Once China fully implements its commitments to use a single official journal for all ministries’ notices and to use notice-and-comment procedures for all new or revised trade-related measures, it should lead to significantly improved transparency. Currently, however, China’s implementation remains incomplete, and the United States continues to engage with China on this issue and to monitor China’s progress closely.
 
THE YEAR AHEAD
 
In 2011, the Administration will continue to pursue increased benefits for U.S. businesses, workers, farmers, ranchers and service suppliers from our trade and economic ties with China by focusing on productive, outcome-oriented dialogue at all levels of engagement, while also taking further steps to enforce China’s adherence to its international trade obligations, including both full implementation of China’s WTO accession commitments and full adherence to the fundamental obligations that China has taken on as a WTO member. To achieve these objectives, the Administration will continue to consult closely with U.S. stakeholders to ensure that U.S. policies and actions advance their interests.
 
On the bilateral front, the United States will continue to pursue a robust set of formal and informal meetings and dialogues with China, including high- level meetings under the auspices of the S&ED and the JCCT, as well as ongoing engagement through JCCT working groups, in  order to ensure that the benefits of China’s WTO membership are fully realized by the United States and other WTO members and that problems in the U.S.-China trade relationship are appropriately resolved. Through these efforts, the United States will continue to place particular emphasis on reducing Chinese government intervention in the market.
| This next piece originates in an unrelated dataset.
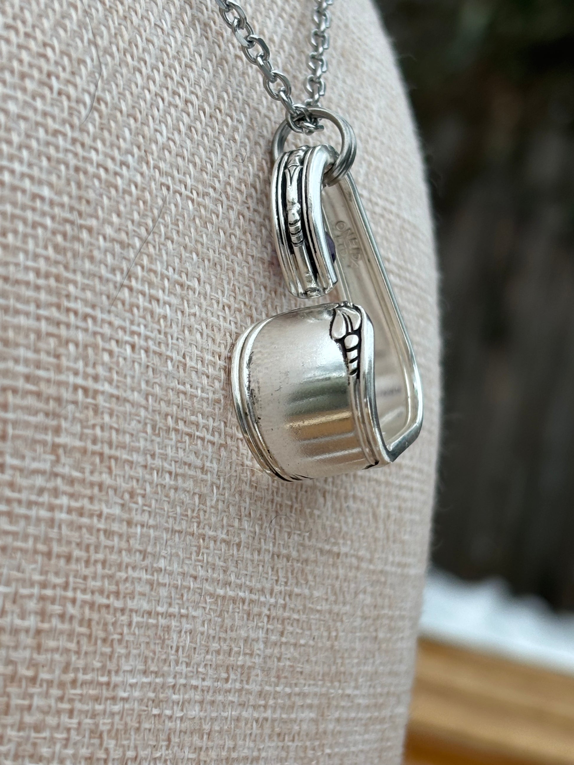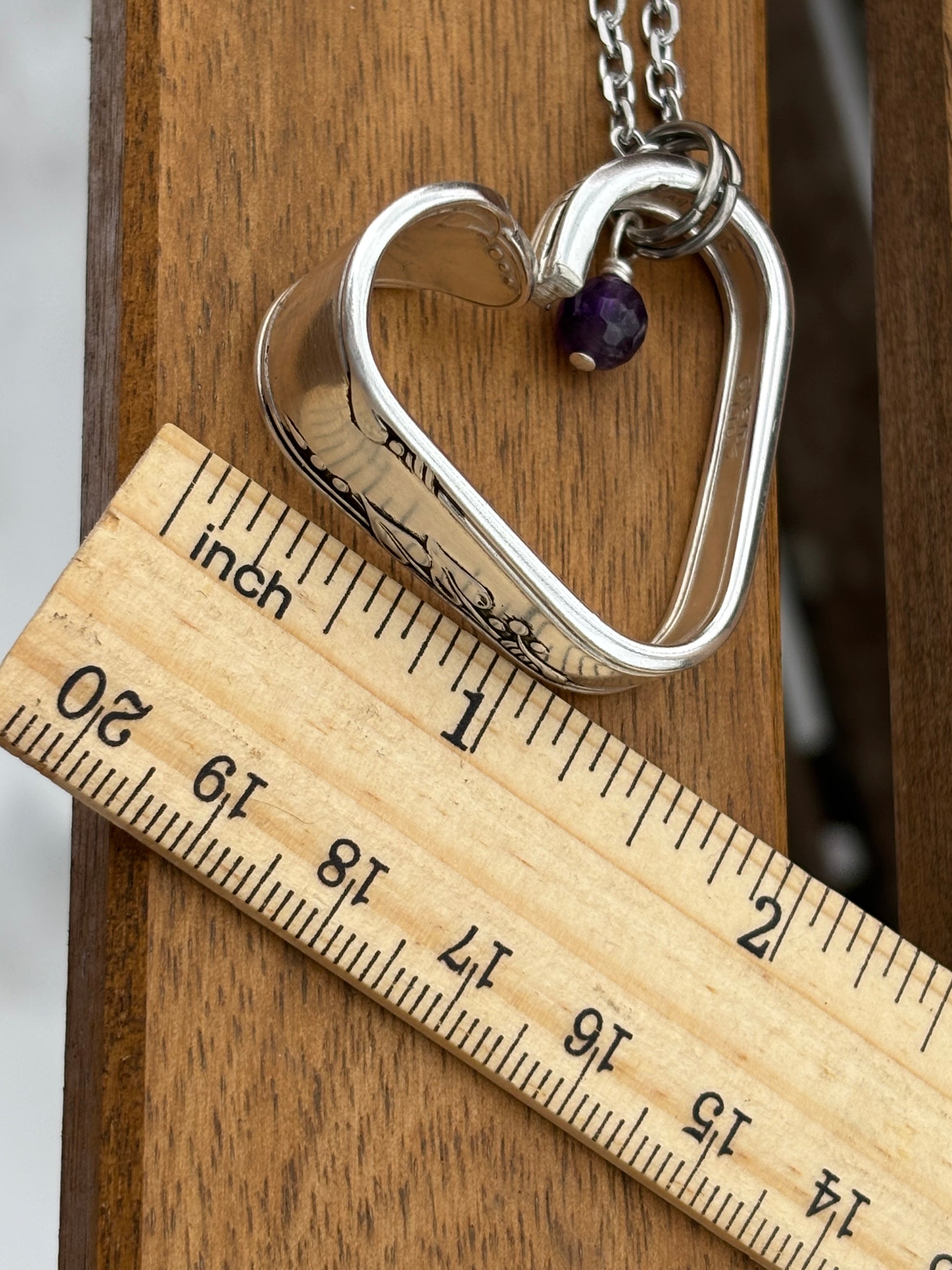 This unique open-heart pendant was created from the handle of a vintage silver-plated fork/spoon.

Moreover, based on the willingness that China’s leadership displayed for the past two years to work cooperatively and pragmatically with the new Administration on contentious issues, the United States is optimistic that concrete progress is again obtainable in 2011.
 
In addition, as the United States has repeatedly demonstrated, when bilateral dialogue is not successful in resolving WTO-related concerns, the United States will not hesitate to invoke the dispute settlement mechanism at the WTO where appropriate. Similarly, the United States will continue to rigorously enforce U.S. trade remedy laws, in accordance with WTO rules, when U.S. interests are being harmed by unfairly traded or surging imports from China.